▶ [Material to process]:
++++++++

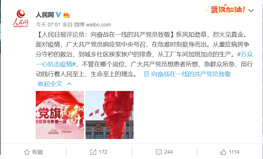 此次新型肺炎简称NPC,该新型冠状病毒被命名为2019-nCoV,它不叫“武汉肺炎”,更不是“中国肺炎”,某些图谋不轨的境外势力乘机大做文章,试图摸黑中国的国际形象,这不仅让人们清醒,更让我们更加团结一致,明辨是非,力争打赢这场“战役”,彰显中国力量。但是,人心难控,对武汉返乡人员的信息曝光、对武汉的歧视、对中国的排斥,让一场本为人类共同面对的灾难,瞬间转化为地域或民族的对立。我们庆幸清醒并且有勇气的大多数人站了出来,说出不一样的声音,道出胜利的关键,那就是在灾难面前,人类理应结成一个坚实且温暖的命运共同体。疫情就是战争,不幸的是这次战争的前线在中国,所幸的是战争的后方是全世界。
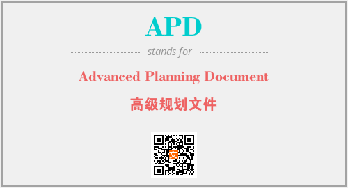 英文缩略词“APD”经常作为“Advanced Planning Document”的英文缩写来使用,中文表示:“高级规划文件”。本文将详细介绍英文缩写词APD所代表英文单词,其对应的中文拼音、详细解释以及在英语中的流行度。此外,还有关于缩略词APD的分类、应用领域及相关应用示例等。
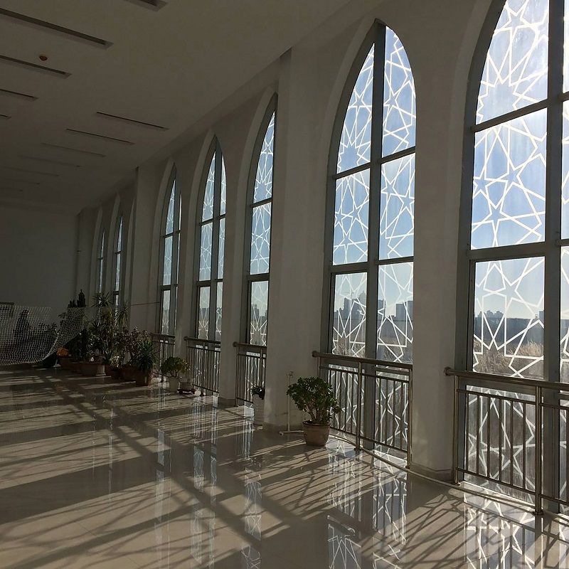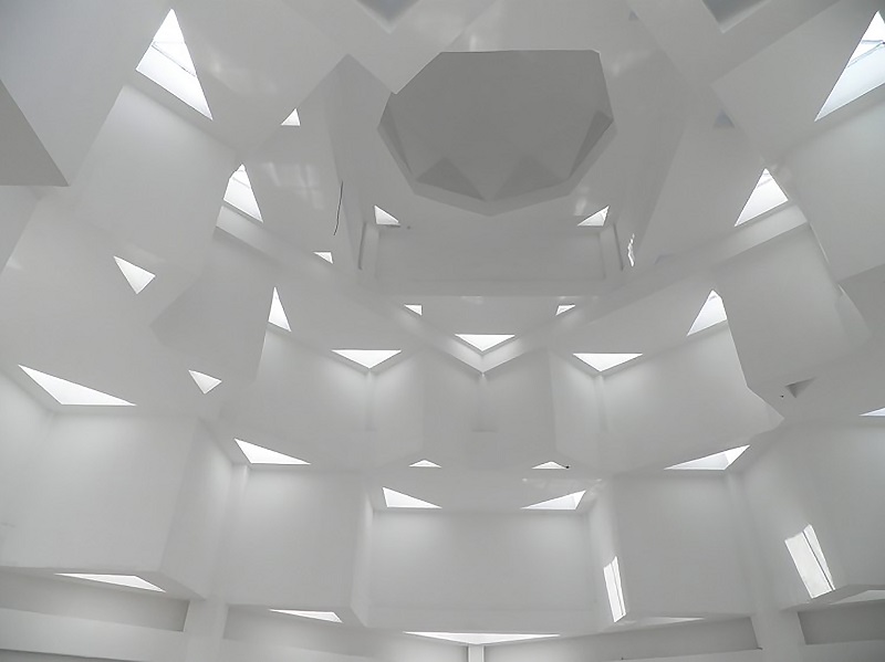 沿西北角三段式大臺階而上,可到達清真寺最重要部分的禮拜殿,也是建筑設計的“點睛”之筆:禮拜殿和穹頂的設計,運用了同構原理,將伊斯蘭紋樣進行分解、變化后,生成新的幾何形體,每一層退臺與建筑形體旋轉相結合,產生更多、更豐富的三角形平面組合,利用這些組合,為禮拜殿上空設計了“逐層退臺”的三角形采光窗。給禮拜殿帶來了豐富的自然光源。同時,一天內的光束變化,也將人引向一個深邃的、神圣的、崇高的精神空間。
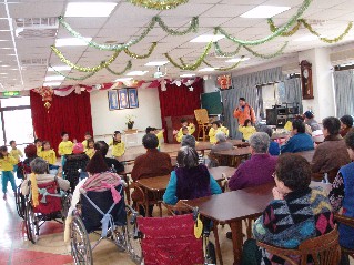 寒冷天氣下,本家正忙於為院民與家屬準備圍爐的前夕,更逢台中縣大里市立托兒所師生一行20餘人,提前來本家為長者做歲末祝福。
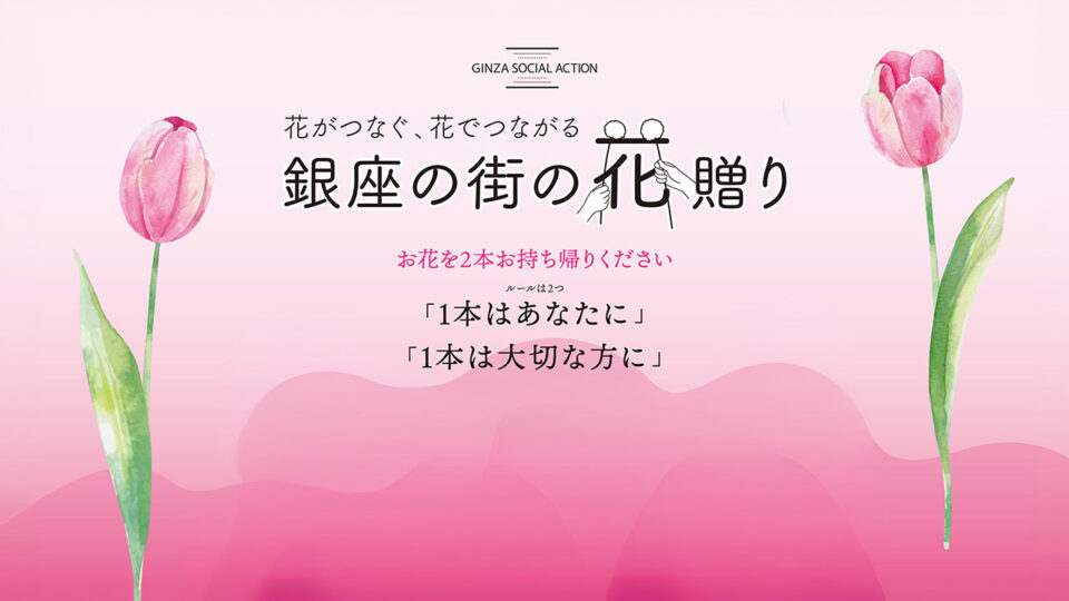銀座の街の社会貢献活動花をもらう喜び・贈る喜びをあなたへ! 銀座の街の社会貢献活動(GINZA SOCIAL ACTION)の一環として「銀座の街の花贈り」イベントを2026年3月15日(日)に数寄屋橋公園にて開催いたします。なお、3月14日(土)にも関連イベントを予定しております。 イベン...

++++++++

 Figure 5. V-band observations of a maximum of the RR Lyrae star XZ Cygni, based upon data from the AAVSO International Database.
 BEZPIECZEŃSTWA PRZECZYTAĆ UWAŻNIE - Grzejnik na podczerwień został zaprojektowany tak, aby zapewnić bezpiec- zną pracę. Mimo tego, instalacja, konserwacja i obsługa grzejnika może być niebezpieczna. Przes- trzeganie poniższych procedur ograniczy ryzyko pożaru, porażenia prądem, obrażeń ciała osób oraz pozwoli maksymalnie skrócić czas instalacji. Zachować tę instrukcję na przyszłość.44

++++++++

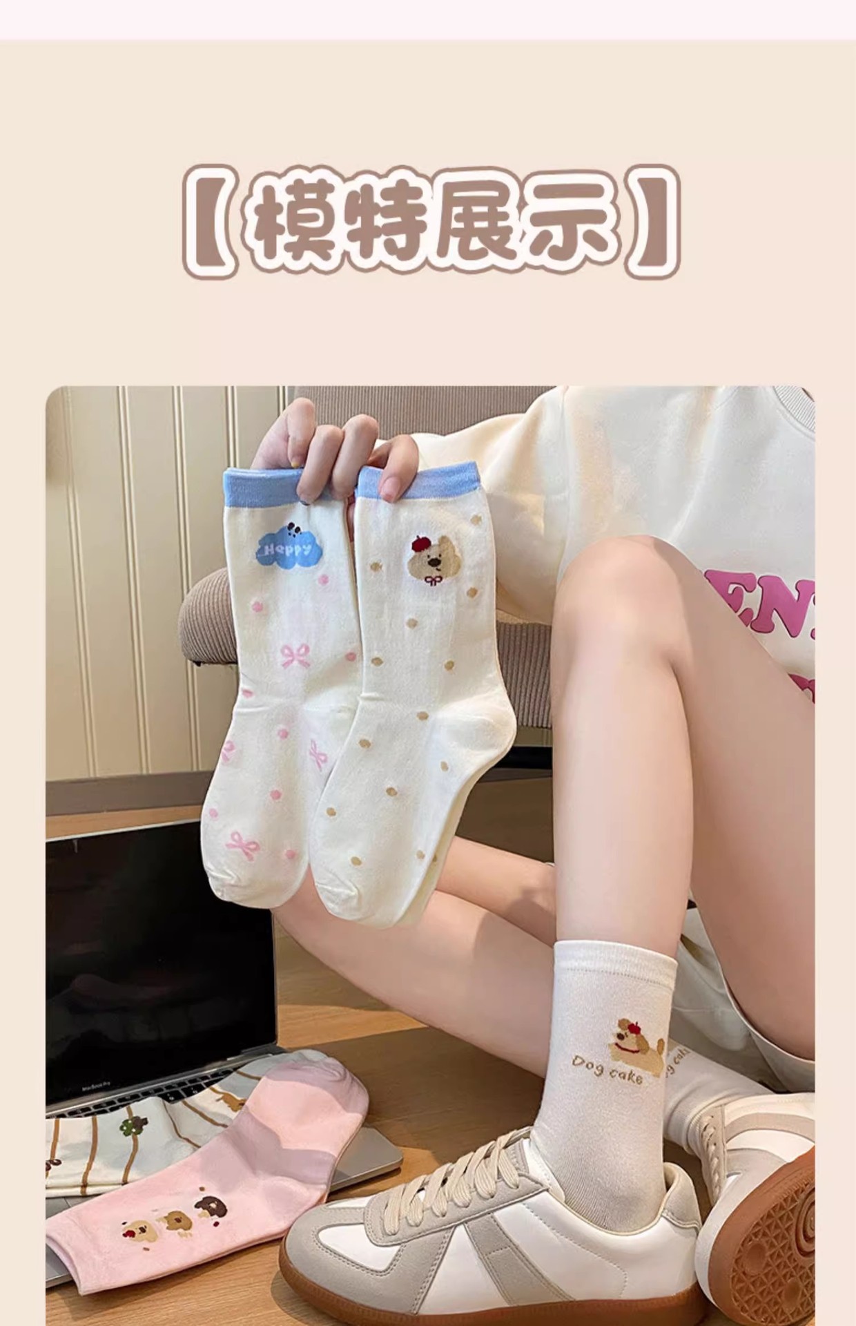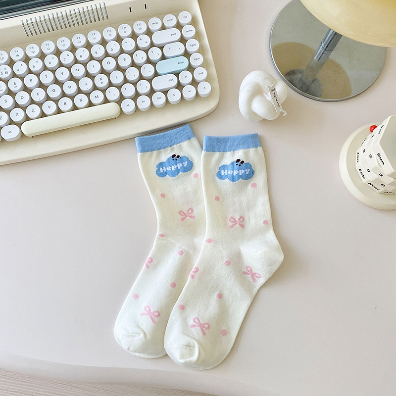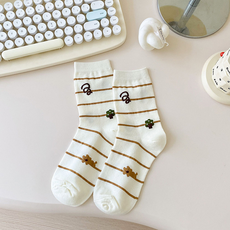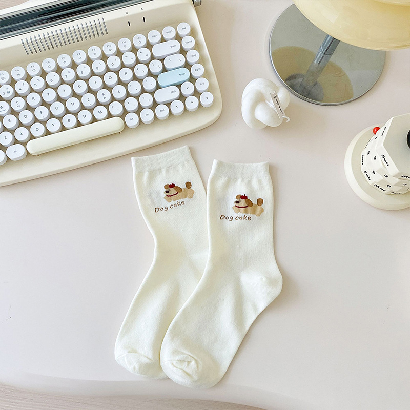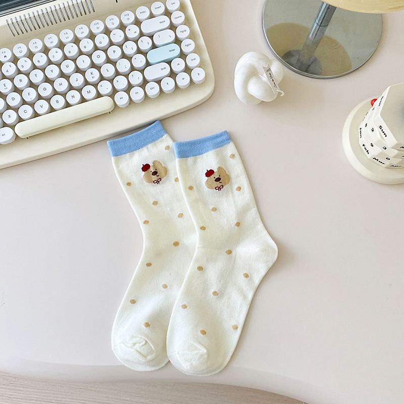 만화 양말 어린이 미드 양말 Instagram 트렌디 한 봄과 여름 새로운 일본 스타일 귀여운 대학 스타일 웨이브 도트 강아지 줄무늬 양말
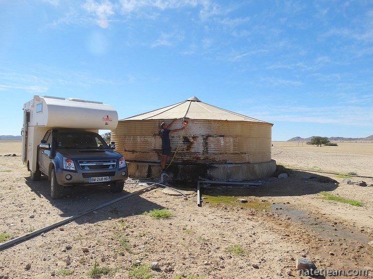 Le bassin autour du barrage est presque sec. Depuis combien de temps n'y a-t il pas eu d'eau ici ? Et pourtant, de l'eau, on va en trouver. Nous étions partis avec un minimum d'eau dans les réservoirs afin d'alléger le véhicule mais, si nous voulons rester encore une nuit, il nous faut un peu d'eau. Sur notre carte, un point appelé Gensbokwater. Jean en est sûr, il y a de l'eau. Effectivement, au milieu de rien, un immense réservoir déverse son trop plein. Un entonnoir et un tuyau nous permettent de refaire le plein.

++++++++

▶ [Assignment]:
Look above for the line with "沿西北角三段式大臺階而上,可", then print it and each line after it down to and including the line with "銀座の街の社会貢献活動花をもらう喜び・贈る喜びをあなたへ! 銀座の街の社会貢献活動(GINZA SOCIAL". Leave out the pictures and keep the wording exact.

▶ [Answer to this exercise]:
 沿西北角三段式大臺階而上,可到達清真寺最重要部分的禮拜殿,也是建筑設計的“點睛”之筆:禮拜殿和穹頂的設計,運用了同構原理,將伊斯蘭紋樣進行分解、變化后,生成新的幾何形體,每一層退臺與建筑形體旋轉相結合,產生更多、更豐富的三角形平面組合,利用這些組合,為禮拜殿上空設計了“逐層退臺”的三角形采光窗。給禮拜殿帶來了豐富的自然光源。同時,一天內的光束變化,也將人引向一個深邃的、神圣的、崇高的精神空間。
 寒冷天氣下,本家正忙於為院民與家屬準備圍爐的前夕,更逢台中縣大里市立托兒所師生一行20餘人,提前來本家為長者做歲末祝福。
銀座の街の社会貢献活動花をもらう喜び・贈る喜びをあなたへ! 銀座の街の社会貢献活動(GINZA SOCIAL ACTION)の一環として「銀座の街の花贈り」イベントを2026年3月15日(日)に数寄屋橋公園にて開催いたします。なお、3月14日(土)にも関連イベントを予定しております。 イベン...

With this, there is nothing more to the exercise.